Prove that $\sum_{n=1}^{\infty} \frac{(-1)^{[\sqrt n]}}{n}$ is converges where $[x]$ is the largest integer is less than or equal to x.

Question

Prove that $\sum_{n=1}^{\infty} \frac{(-1)^{[\sqrt n]}}{n}$ converges where $[x]$ is the largest integer that is less than or equal to x.

Suggestion: Use the inequality $\frac{1}{l+1}< \int_{l}^{l+1} \frac{1}{x}dx <\frac{1}{l}$.
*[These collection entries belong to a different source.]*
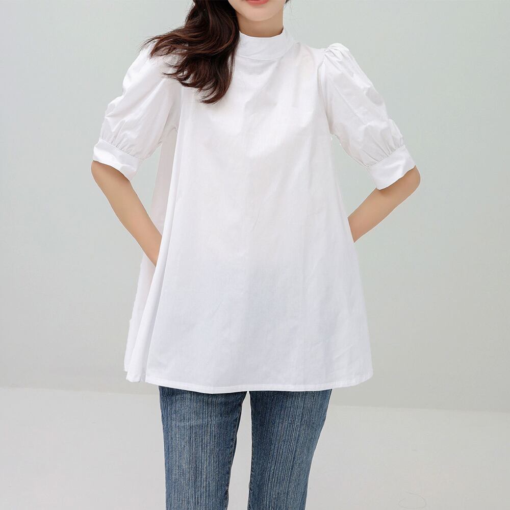 たっぷりとタックを入れたパフ袖は大人フェミニンと程よく肩の力が抜けたリラックス感、半袖より少し長めの5分袖の丈感によって気になる二の腕がさりげなくカバーされて嬉しい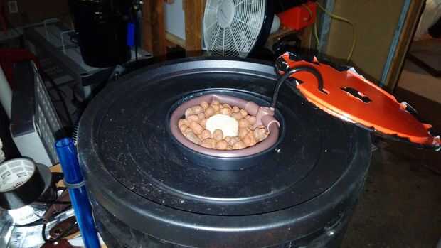 - Perfore otro agujero de línea tamaño de aire en la tapa del cubo, una pulgada o tan de su pote neto. Usted a ruta su línea de aire anillo de goteo desde el exterior, en el depósito de entonces para arriba a través de este agujero para finalmente colocar el anillo de goteo. Puedes ver aerolínea en mi foto.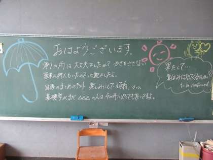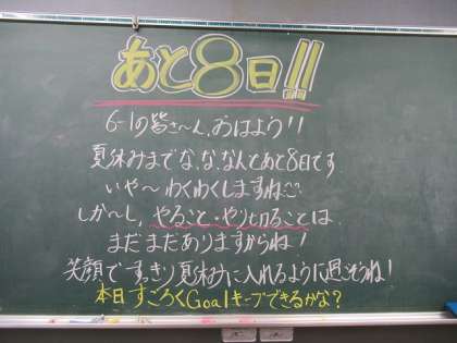 6年教室の黒板には子供たちへのメッセージが書かれていました。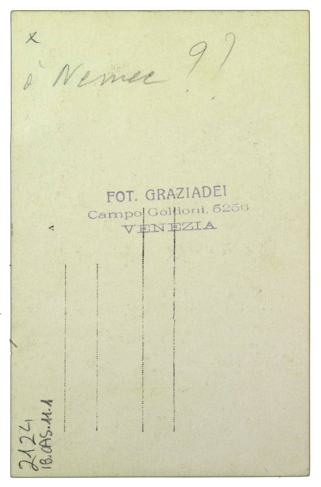 Nota manoscritta sul verso: a Nemec??. Sempre sul verso presente anche timbro a inchiostro: Fot. Graziadei Campo Goldoni, 5256 Venezia.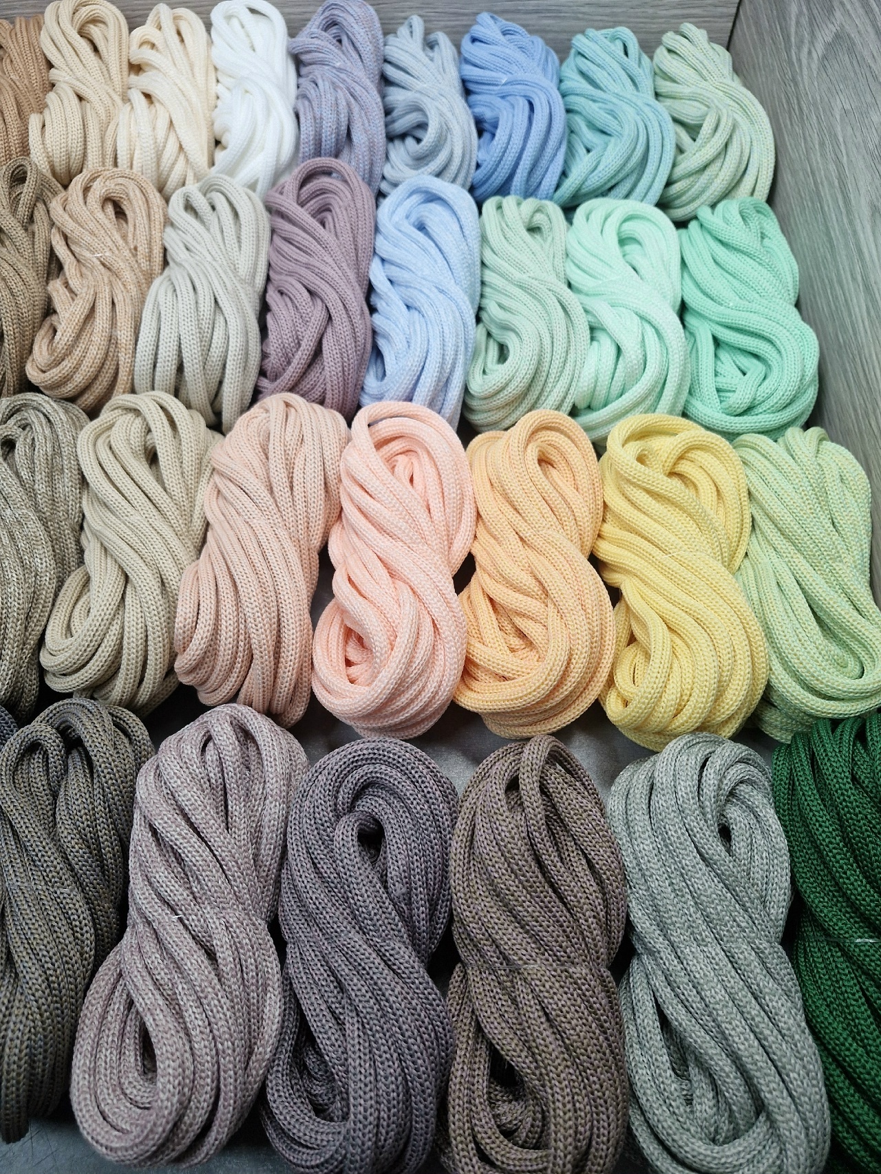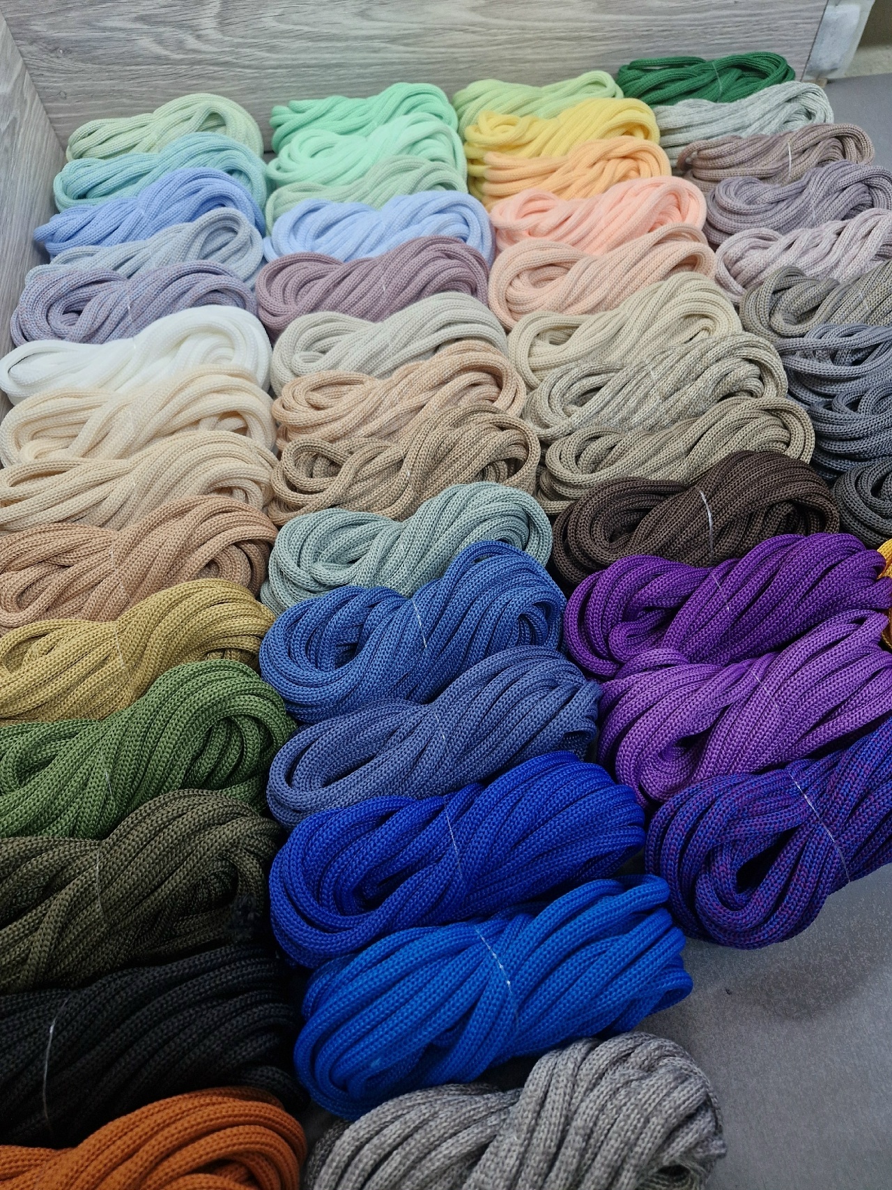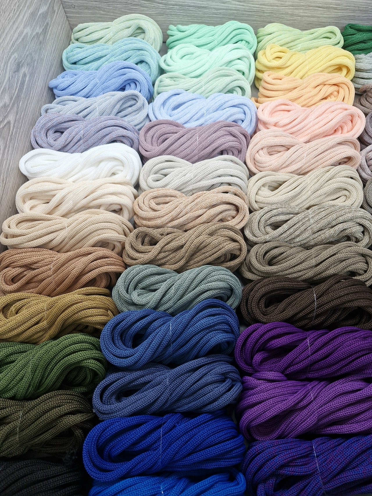 Компания предоставляет богатую палитру цветов , а также шнуры градиент - с переходом из одного цвета в другой, и меланж - смешение цветов по желанию клиентов. Технологи помогут рассчитать необходимый метраж для вашего изделия, разработают всевозможные варианты перехода цветов. По вашему запросу мы присылаем палитру образцов бесплатно.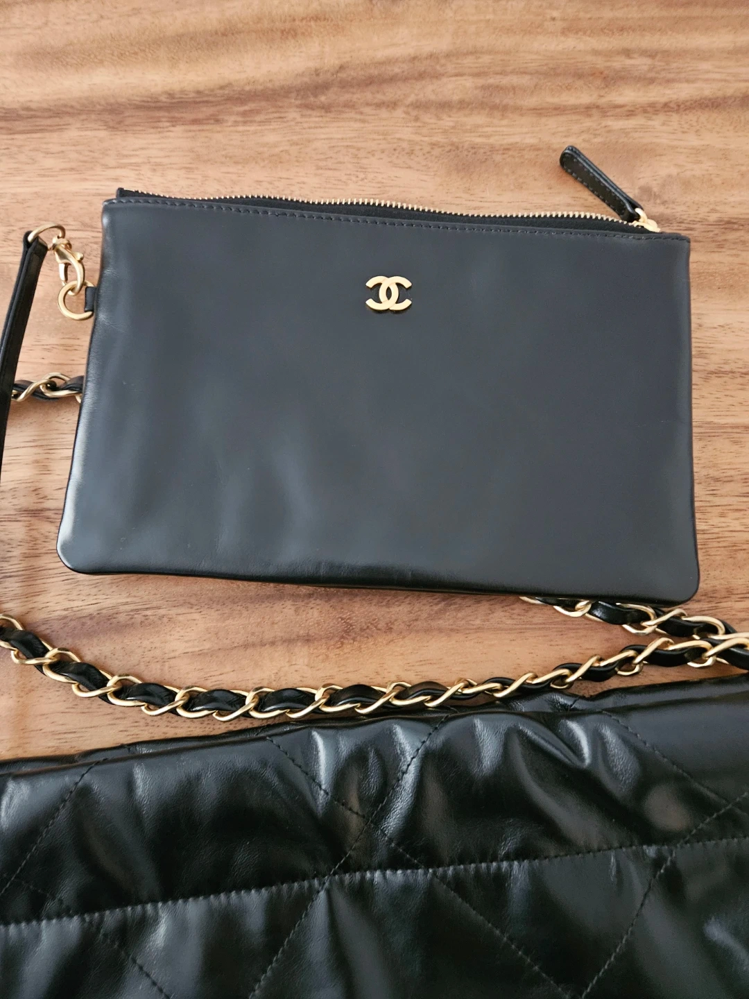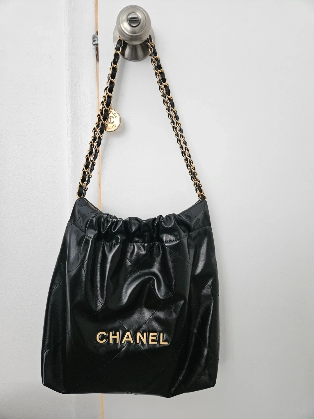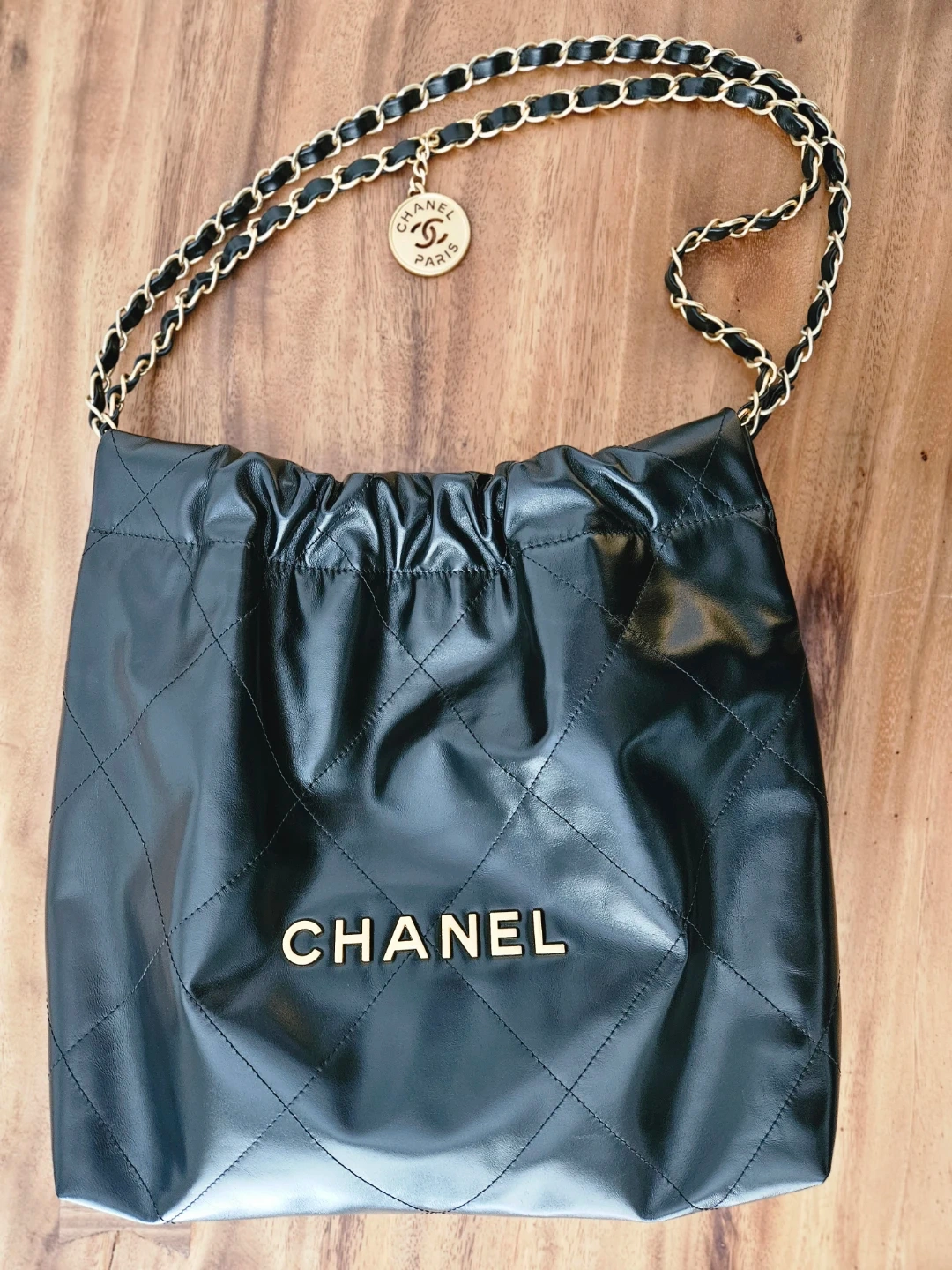 It is 1:1 quality 22 bag small size shiny calfskin black in gold hardware. I've added a discreet anti-wear pad to the chain drawstring area.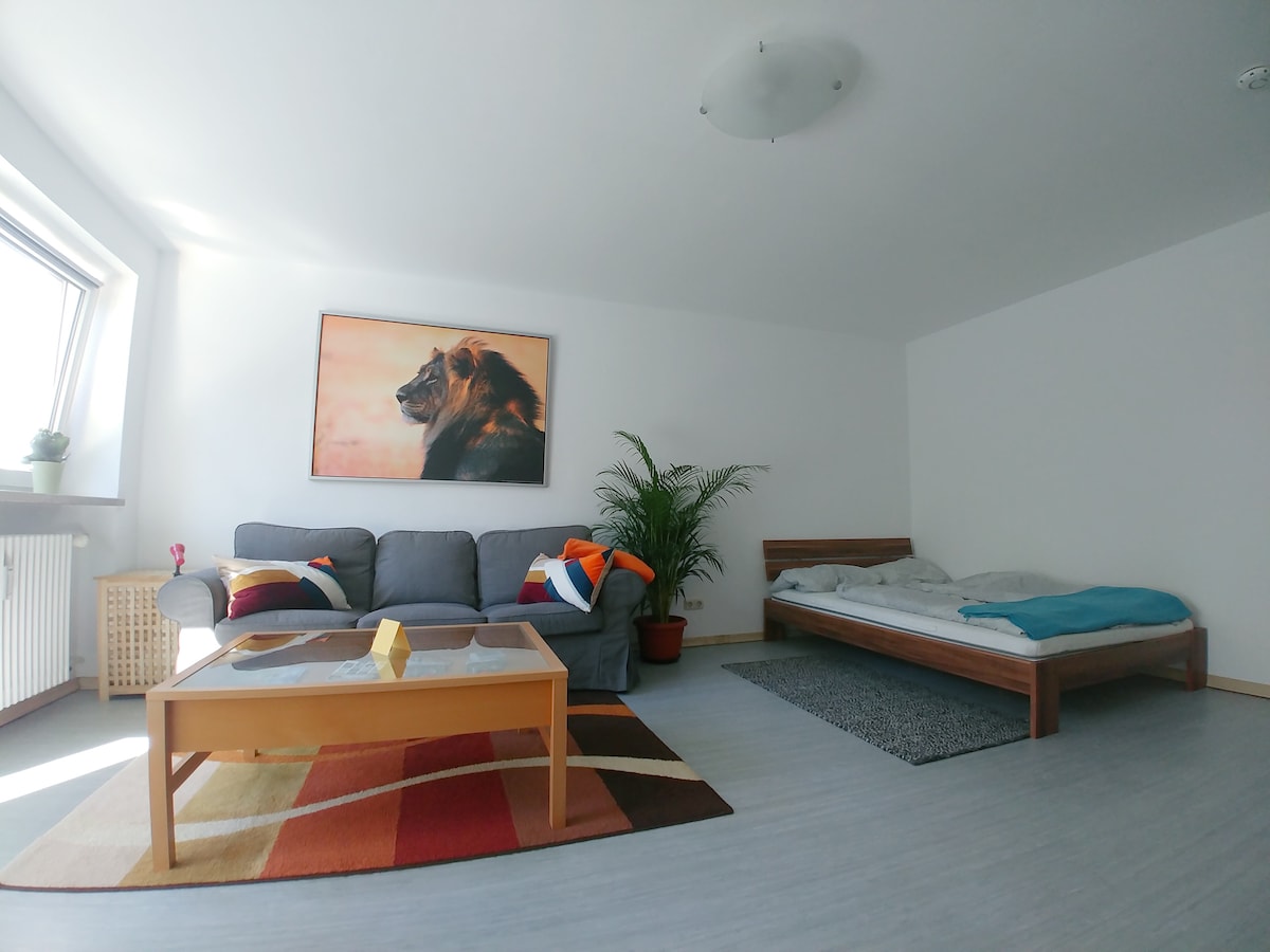 Ático muy acogedor con cocina propia, baño, sala de estar, dormitorio (33 m²) con televisión vía satélite, vistas a los tejados (segunda planta) de la tranquila zona residencial de Ramersdorf-Perlach, en el sureste de Múnich. En verano, mi pequeño jardín es ideal para relajarse/comer al aire libre. Vivirá conmigo y mi pequeño perro en una casa adosada, el ático se puede cerrar con llave. En la cocina no hay conexión de agua, pero en el baño hay un fregadero para los platos.

I solved this question with Dirichlet test. https://en.wikipedia.org/wiki/Dirichlet%27s_test

Let $a_{n}=\frac{1}{n}$. It is monotonically decreasing and approaches to zero.

and $b_{n}=(-1)^{[\sqrt n]}$ and the partial sum is bounded .

By the given DT, it $ \sum_{n=1}^{\infty}a_{n}{b_{n}$ is convergent.

Can I solve this question by this approach?

Answer 1

You can apply Dirichlet's test but not to $a_n= \frac1n,b_n = (-1)^{[\sqrt n]}$ (as $\sum_{n\le x}(-1)^{[\sqrt n]}$ is not bounded), look instead at $a_n = \frac1{n^{1/3}}, b_n=\frac{(-1)^{[\sqrt n]}}{n^{2/3}}$ so that the boundedness of $\sum_{n\le x} b_n$ is obvious.

Answer 2

Note that your sum can be written as $$ \sum_{n=1}^\infty(-1)^n\sum_{k=n^2}^{n^2+2n}\frac1k\tag1 $$ Furthermore, it is simple to see that $$ \sum_{k=n^2}^{n^2+2n}\frac1k=\frac2n+O\!\left(\frac1{n^2}\right)\tag2 $$ Thus, the sum converges since the alternating harmonic series converges and $\sum\limits_{n=1}^\infty\frac1{n^2}$ converges absolutely.